Although net sales of long-term funds declined substantially in July, fund analysts downplayed the decline and said the fund industry would quickly rebound.

July net sales of long-term equity and fixed-income funds were down 23.5 percent to $15.6 billion, from $20.4 billion in June, according to the ICI.

Net inflows into equity mutual funds in July fell 20 percent to $17.6 billion, down from $22.1 billion in June, the ICI said.

By comparison, long-term fund net sales rose 31 percent in June after a 50 percent drop in May, according to the ICI.
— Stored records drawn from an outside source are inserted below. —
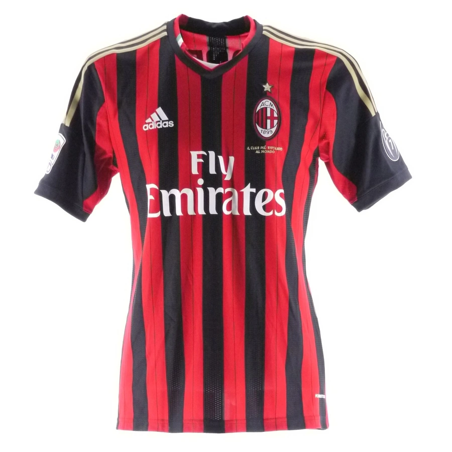 Maglia gara del Milan preparata / indossata da Honda in occasione di una partita di Serie A, stagione 2013/14.
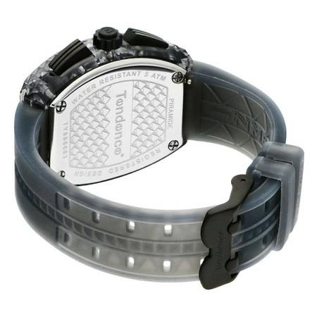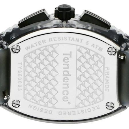 構想から3年、デザインからサンプル制作に至るまでに10回以上の修正を加えようやく完成した15周年にふさわしいテンデンスのトノー型モデル「PIRAMID」。テンデンスウォッチのDNAとして様々なコレクションのベゼルやストラップなどに採用されているピラミッド型の装飾「クルー・ド・パリ」をトノー型のベゼル部分前面にデザインを施し、腕の動きと、角度によって宝石のようにキラキラと輝きを放つ印象的なコレクションです。TY860003の文字盤はマザーオブパールを採用しており、大胆かつ華やかな印象を演出します。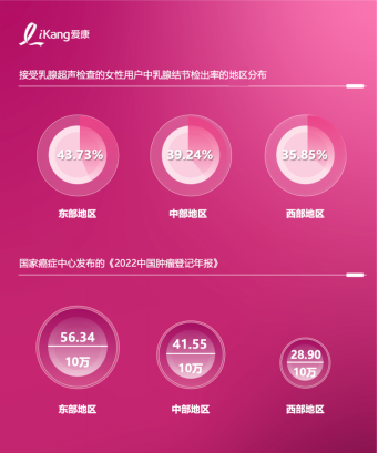 从地域分布看,经济实力和竞争压力一起"遥遥领先"的东部地区乳腺结节检出率最高,达43.73%。中部地区为39.24%,西部地区最低(35.85%),这一趋势与国家癌症中心统计的乳腺癌发病率在地理分区分布上呈正相关。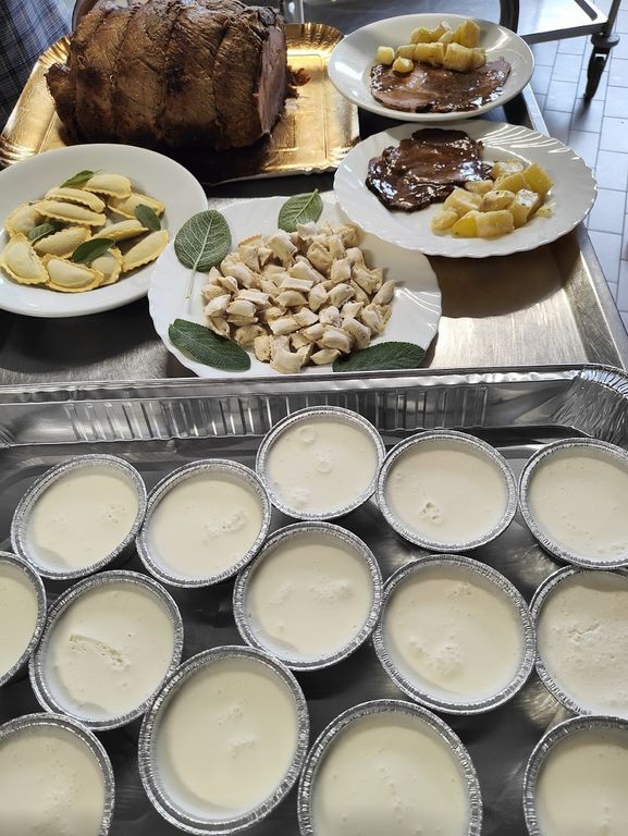 Agnolotti al burro e salvia, arrosto di manzo con patate al forno e panna cotta, questo è il menù del pranzo offerto lunedì 31 luglio abilmente preparato dagli Chef Marco e Houda dell’Osteria 101.

July sales figures from Financial Research Corp. of Boston indicated a sharper decline of 29 percent in net sales for long-term mutual funds. July long-term fund sales of $7.8 billion were significantly lower than June net sales of $12.9 billion, according to FRC. The totals are different than those of the ICI because ICI's numbers include flows into variable annuity sub-accounts, according to FRC.

July sales appeared particularly weak because June sales spiked 173 percent over May net sales of $5.1 billion, FRC said. Sales of long-term equity funds were slow in May because of market volatility in March and April, FRC said. June sales "spiked upward after May's tech market revolt settled down," FRC said.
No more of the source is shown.